A Gabès, où un couvre-feu a été instauré, des échauffourées opposent depuis plusieurs jours des jeunes aux forces de l’ordre. Plus au sud, à Tatatouine, le 18 octobre, des affrontements entre pro-Ennahda et partisans de Nida Tounès, le parti de Béji Caïd Essebsi désigné par ses adversaires comme le représentant de l’ancien régime, ont dégénéré, provoquant la mort d’un homme, Lotfi Naguedh, représentant local de Nida Tounès.
L’opposition a immédiatement dénoncé « le premier assassinat politique » d’après-révolution. « La montée de la vague de violence est une ligne rouge que nous ne devons pas franchir, a déclaré Moustapha Ben Jaafar. Cette vague appelle tous les partis à privilégier la raison et la discussion ».
« Il faut accélérer la rédaction de la Constitution et la création d’une Instance indépendante des élections, la réforme de l’administration et des médias », a plaidé pour sa part Hamadi Jebali, chef du gouvernement dominé par son parti islamiste, qui a également insisté pour respecter le calendrier proposé. Les trois orateurs ont tour à tour promis une Constitution basée sur « le consensus ». Dans l’après-midi, mardi, les élus réunis en séance plénière, devaient commencer à discuter le préambule de la Constitution expurgé de tout élément polémique.
Maigres cortèges
A l’extérieur, de maigres cortèges opposaient des partisans des deux camps, islamistes contre progressistes. La veille, quelque 3 000 personnes ont défilé sur l’avenue Habib Bourguiba, à Tunis, pour réclamer la « fin des violences » attribuées à la Ligue de la protection de la révolution, considérée comme une « milice » d’Ennahda.

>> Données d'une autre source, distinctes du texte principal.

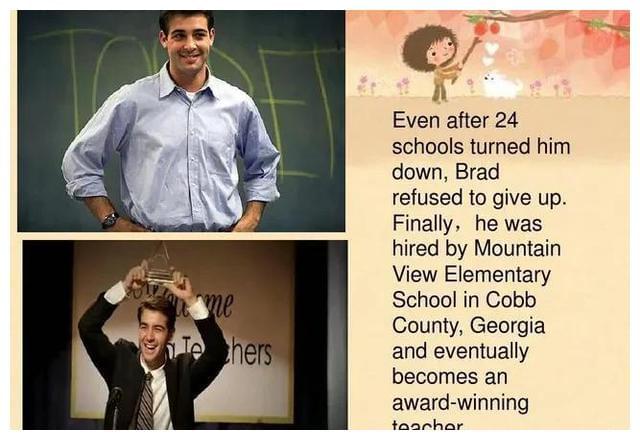 他被残酷的现实打倒了吗?并没有,在他的字典里,从来没有“妥协”两个字。他又重新规划了求职计划。所有的学校都开学了,各学校招聘也接近尾声,科恩开始消沉了。就在这时有一家学校向科恩抛来了橄榄枝。校长和副校长都和蔼可亲,跟科恩谈了两个小时的教育理念。

En tête du défilé, le Front populaire, qui tente de se positionner comme la troisième force politique du pays et qui réunit des organisations communistes et de la gauche radicale, renvoyaient dos à dos Ennahda et Nida Tounès.

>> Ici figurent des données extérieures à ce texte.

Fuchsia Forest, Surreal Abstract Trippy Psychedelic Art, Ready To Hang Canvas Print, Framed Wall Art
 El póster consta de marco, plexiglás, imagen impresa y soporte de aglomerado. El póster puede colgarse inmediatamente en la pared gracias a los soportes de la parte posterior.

A l’arrière, les partisans de Nida Tounès brandissaient la photo du mort de Tataouine. Limitées, ces manifestations semblent cependant concerner bien peu la société tunisienne, davantage préoccupée par les difficultés de la vie quotidienne et par trouver de quoi acheter un mouton pour célébrer, le 26 octobre, la fête de l’Aïd.